Her casket was then shipped back to Detroit for another public viewing at the Museum of African American History.  Thousands waited in the rain to pay their respects to one of Detroit’s finest.  The 7-hour funeral celebration at Detroit’s Greater Grace Temple attracted 4000 mourners and a parade of speakers and singers from Bill Clinton to Aretha Franklin.  In their tributes, Democratic presidential hopefuls focused on Parks’ quietness:  Senator Barack Obama praised Parks as a “small quiet woman whose name will be remembered” while Senator Hilary Clinton spoke of the importance of “quiet Rosa Parks moments.” As thousands more waited outside to see the dramatic spectacle, a horse-drawn carriage carried Mrs.
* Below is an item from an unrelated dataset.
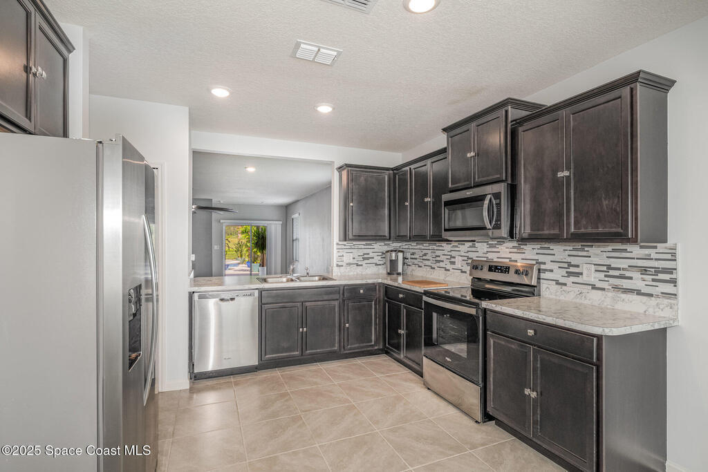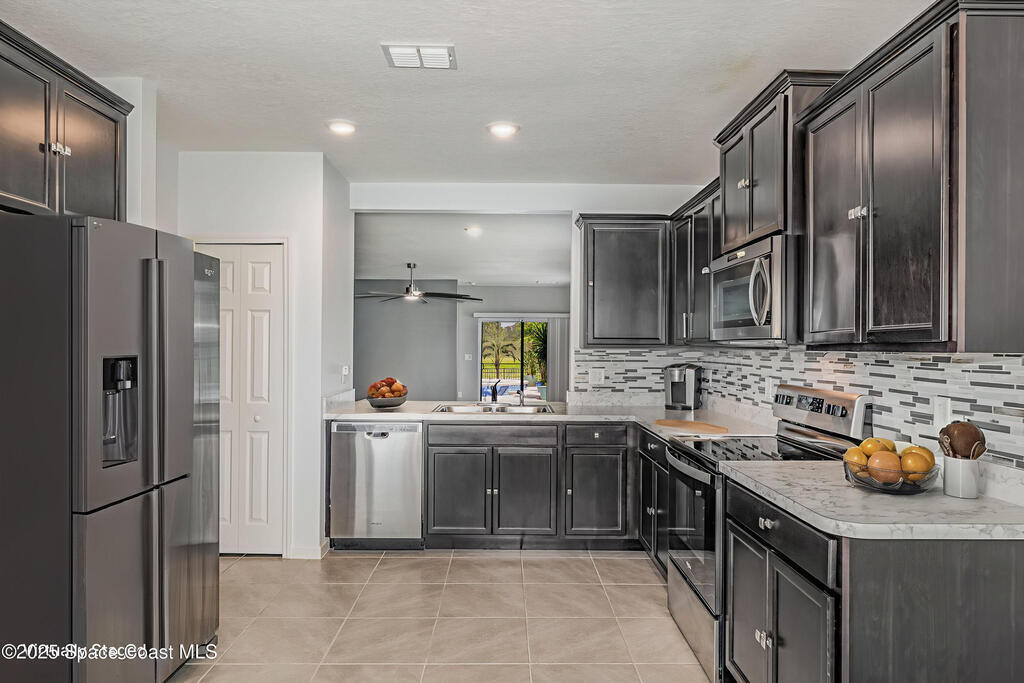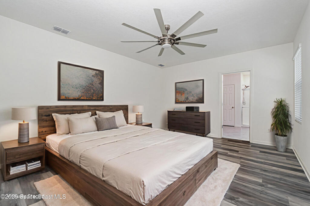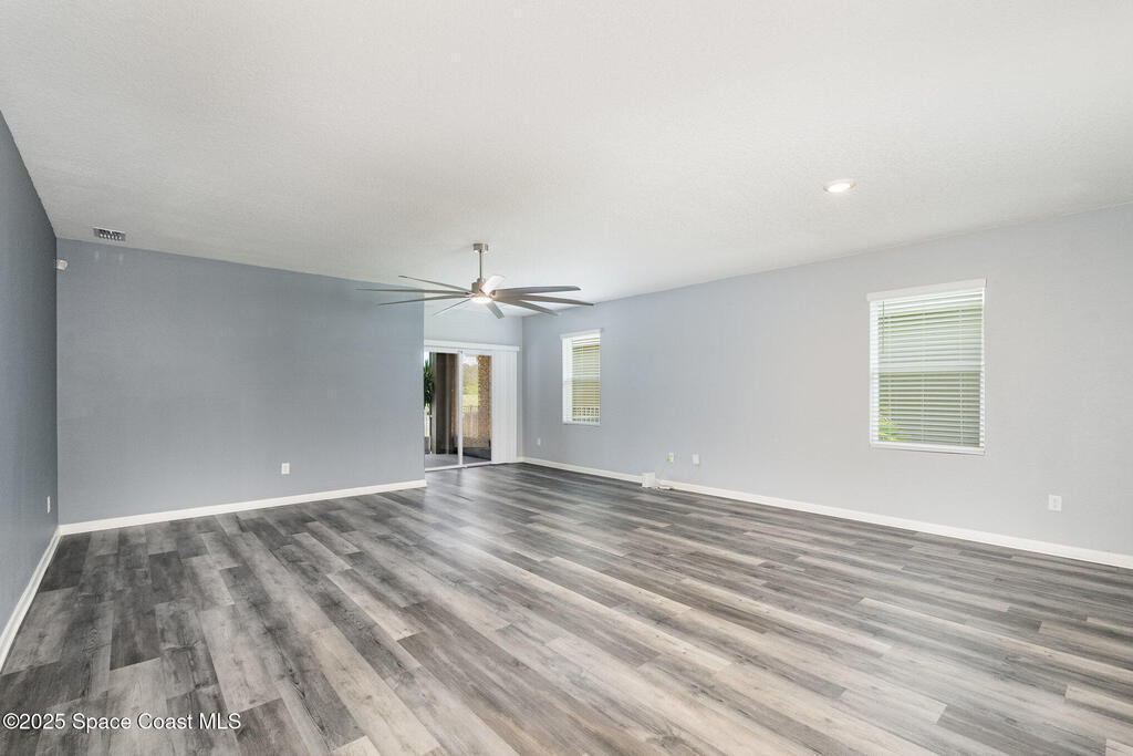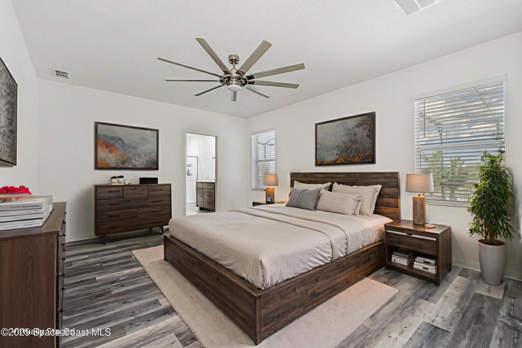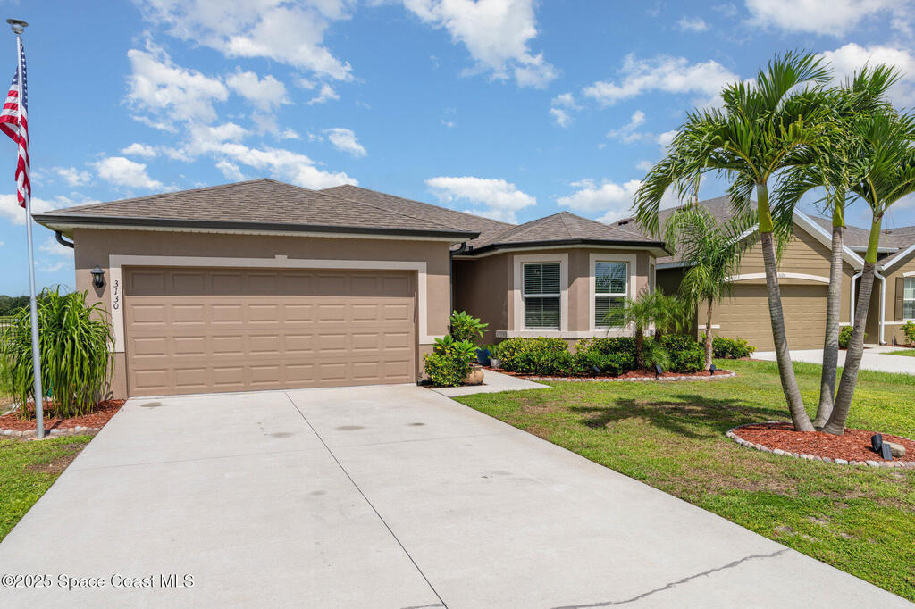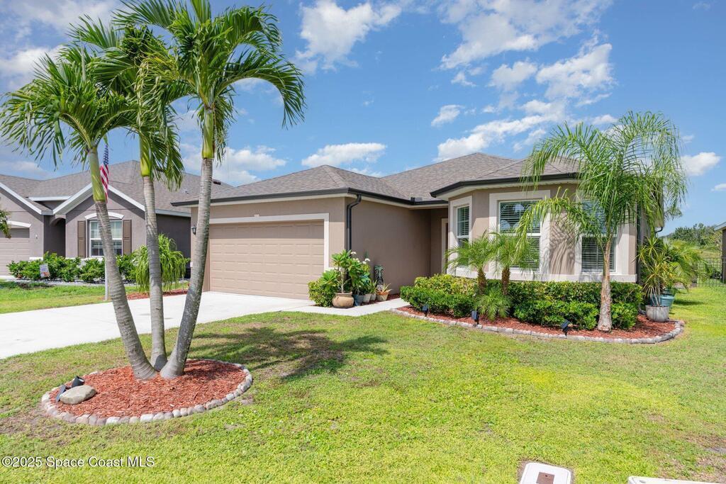Located in the newer Indian River Preserve community! This stunning 3-bedroom, 2-bathroom single-family pool home in Mims, FL was built in 2023 and offers 1,756 heated square feet of modern comfort and style. The heart of the home is the bright eat-in kitchen, featuring a custom backsplash, stainless steel appliances, and a charming bay window. The spacious master suite boasts a dual-sink vanity and walk-in shower, creating the perfect retreat. Step outside to your private oasis with serene golf course views--complete with a covered porch with ceiling fan, screened spa, and a luxury $100K pool with built-in seating. Additional upgrades include beautiful wood flooring throughout, a convenient dog run, a long driveway, and a roomy 2-car garage. Best of all, residents enjoy free golf access at Indian River Preserve, making this home a true golfer's dream. Don't miss the chance to live in style with resort-inspired perks right at your doorstep!

Parks' coffin to Woodlawn Cemetery where she was buried next to her husband and mother.[iv] Six weeks later, President Bush signed a bill ordering a permanent statue of Parks placed in the U.S. Capitol, the first ever of an African American, explaining, “By refusing to give in, Rosa Parks showed that one candle can light the darkness. …Like so many institutionalized evils, once the ugliness of these laws was held up to the light, they could not stand…and as a result, the cruelty and humiliation of the Jim Crow laws are now a thing of the past.”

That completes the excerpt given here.